1> [{_, {_, PidS, _}}] = stepflow_config:run("
<<<
FilterFun = fun(Events) ->
lists:any(fun(Event) ->
stepflow_event:body(Event) == <<\"found\">>
end, Events)
end.
>>>

interceptor Counter = stepflow_interceptor_counter#{
header => mycounter, eval => FilterFun
}.
interceptor Show = stepflow_interceptor_echo#{}.
source FromMsg = stepflow_source_message[]#{}.
channel Rabbitmq = stepflow_channel_rabbitmq#{}.
sink Echo = stepflow_sink_echo[Counter, Show]#{}.

flow Agent: FromMsg |> Rabbitmq |> Echo.
").

# One event that is counted
stepflow_source_message:append(PidS, [stepflow_event:new(#{}, <<"hello">>)]).

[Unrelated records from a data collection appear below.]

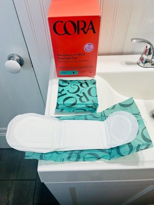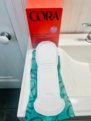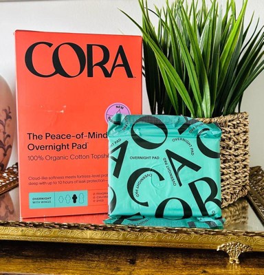 [This review was collected as part of a promotion.] These Cora pads have solved so many of my frustrations with pads. First, the wings are extra long compared to other brands, making it easy to apply these to your panties. The pad sticks nicely without bunching or sliding around like other brands do. Finally, the pad itself feels nice and luxurious on your skin. I took off one star because these pads are labeled overnight, but I seemed to absorb through them quicker than other brands
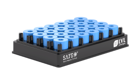 Szivárgásmentes kupakok az LVL 48 férőhelyes rackbe helyezhető külső menetes csöveire. Aszeptikus és steril kivitelben.
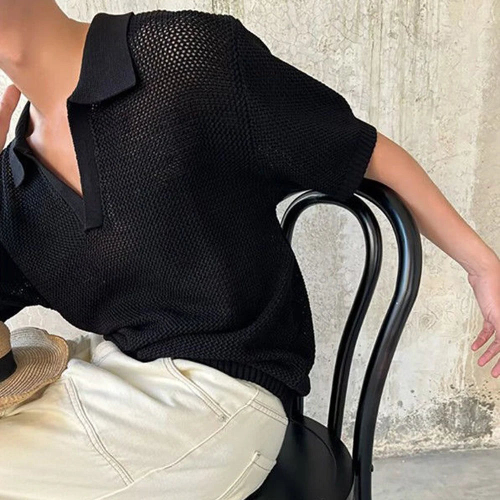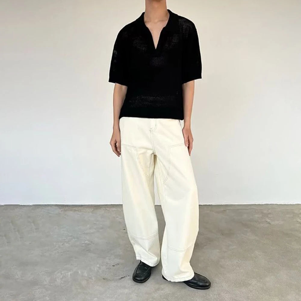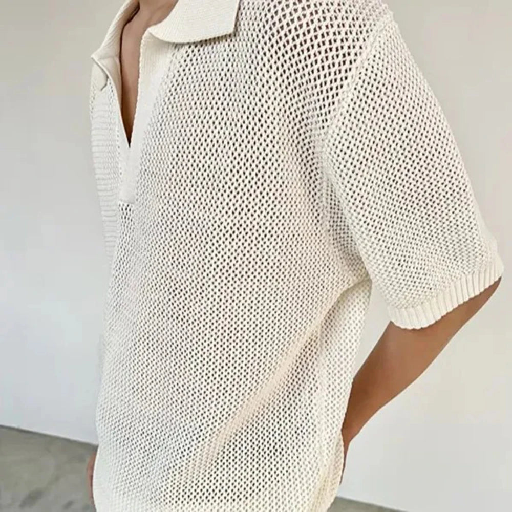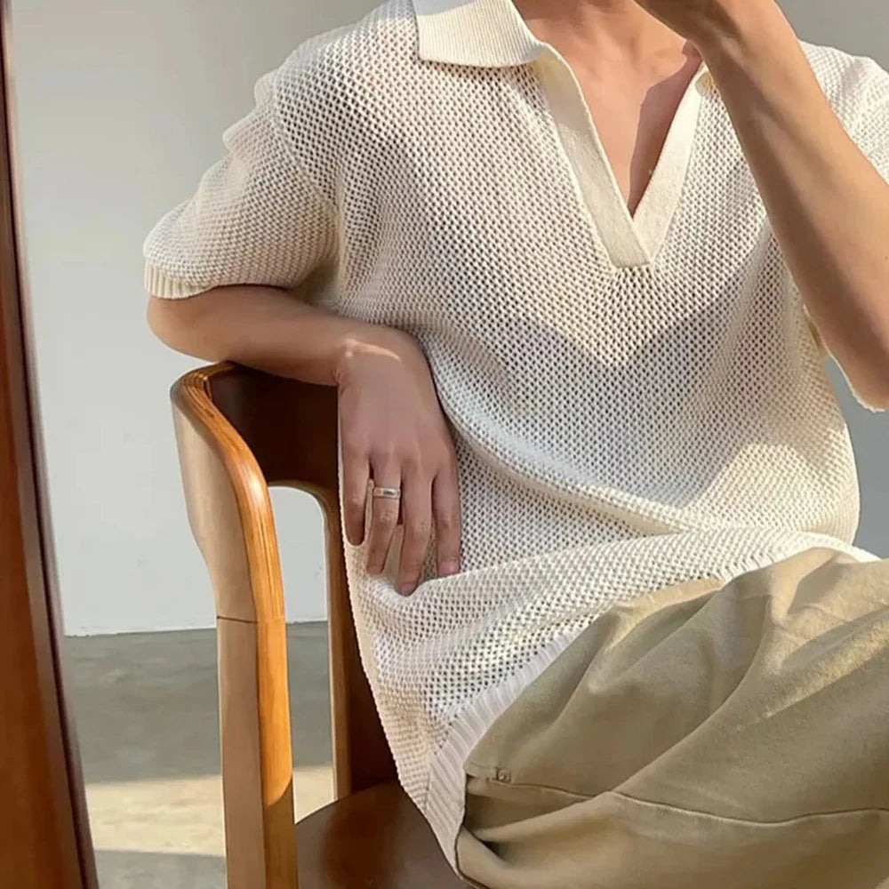 HEARUJOY - Summer New Men's Solid Color Hollow Short Sleeve T-shirt American Retro Fashion Trend Loose Simple Breathable Men's Tops

# One event that is NOT counted
stepflow_source_message:append(PidS, [stepflow_event:new(#{}, <<"found">>)]).

Run demo 4
----------

Handle bulk of 7 events with a window of 10 seconds:

1> [{_, {_, PidS, _}}] = stepflow_config:run("
interceptor Counter = stepflow_interceptor_counter#{}.
source FromMsg = stepflow_source_message[Counter]#{}.
channel Buffer = stepflow_channel_mnesia#{
flush_period => 5000, capacity => 7, table => mytable
}.
sink Echo = stepflow_sink_echo[]#{}.
flow Squeeze: FromMsg |> Buffer |> Echo.
").

# send multiple message quickly to fill the buffer!
# you will see that they arrive all together.
7> stepflow_source_message:append(PidS, [stepflow_event:new(#{}, <<"hello">>)]).
8> stepflow_source_message:append(PidS, [stepflow_event:new(#{}, <<"hello">>)]).
9> stepflow_source_message:append(PidS, [stepflow_event:new(#{}, <<"hello">>)]).

Run demo 5
----------

Aggregate events in a single one:

1> [{_, {_, PidS, _}}] = stepflow_config:run("
<<<
SqueezeFun = fun(Events) ->
BodyNew = lists:foldr(fun(Event, Acc) ->
Body = stepflow_event:body(Event),
<< Body/binary, <<\" \">>/binary, Acc/binary >>
end, <<\"\">>, Events),
{ok, [stepflow_event:new(#{}, BodyNew)]}
end.
>>>

interceptor Squeezer = stepflow_interceptor_transform#{
eval => SqueezeFun
}.
source FromMsg = stepflow_source_message[Squeezer]#{}.
channel Mnesia = stepflow_channel_mnesia#{
flush_period => 10, capacity => 2, table => pippo
}.
sink Echo = stepflow_sink_echo[]#{}.

flow Aggretator: FromMsg |> Mnesia |> Echo.
").

8> stepflow_source_message:append(PidS, [
stepflow_event:new(#{}, <<"hello">>),
stepflow_event:new(#{}, <<" world">>)
]).

Run demo 6
----------

Index events in ElasticSearch.

```
+------------------------------------------------------------------+
| Agent 1 |
User | |
| | Source <---------------> Channel <--------> Sink |
+------->| (erlang message) (memory) (index inside ES) |
SEND | |
Event +------------------------------------------------------------------+
<<"hello">>
```

$ rebar3 shell --apps stepflow_sink_elasticsearch

1> [{_, {_, PidS, _}}] = stepflow_config:run("
interceptor Counter = stepflow_interceptor_counter#{}.
source FromMsg = stepflow_source_message[Counter]#{}.
channel Memory = stepflow_channel_memory#{}.
sink Elasticsearch = stepflow_sink_elasticsearch[]#{
host => <<\"localhost\">>, port => 9200, index => <<\"myindex\">>
}.

flow Agent: FromMsg |> Memory |> Elasticsearch.
").

2> stepflow_source_message:append(
PidS, [stepflow_event:new(#{}, <<"hello">>)]).

Note
----

You can run `RabbitMQ` with docker:

$ docker run --rm --hostname my-rabbit --name some-rabbit -p 5672:5672 -p 15672:15672 rabbitmq:3-management

And open the web interface:

$ firefox http://0.0.0.0:15672/#/

You can run `ElasticSearch` with docker:

$ docker pull docker.elastic.co/elasticsearch/elasticsearch:5.5.0
$ docker run -p 9200:9200 -e "http.host=0.0.0.0" -e "transport.host=127.0.0.1" -e "xpack.security.enabled=false" docker.elastic.co/elasticsearch/elasticsearch:5.5.0

Status
------

The module is still quite unstable because the heavy development.
The API could change until at least v0.1.0.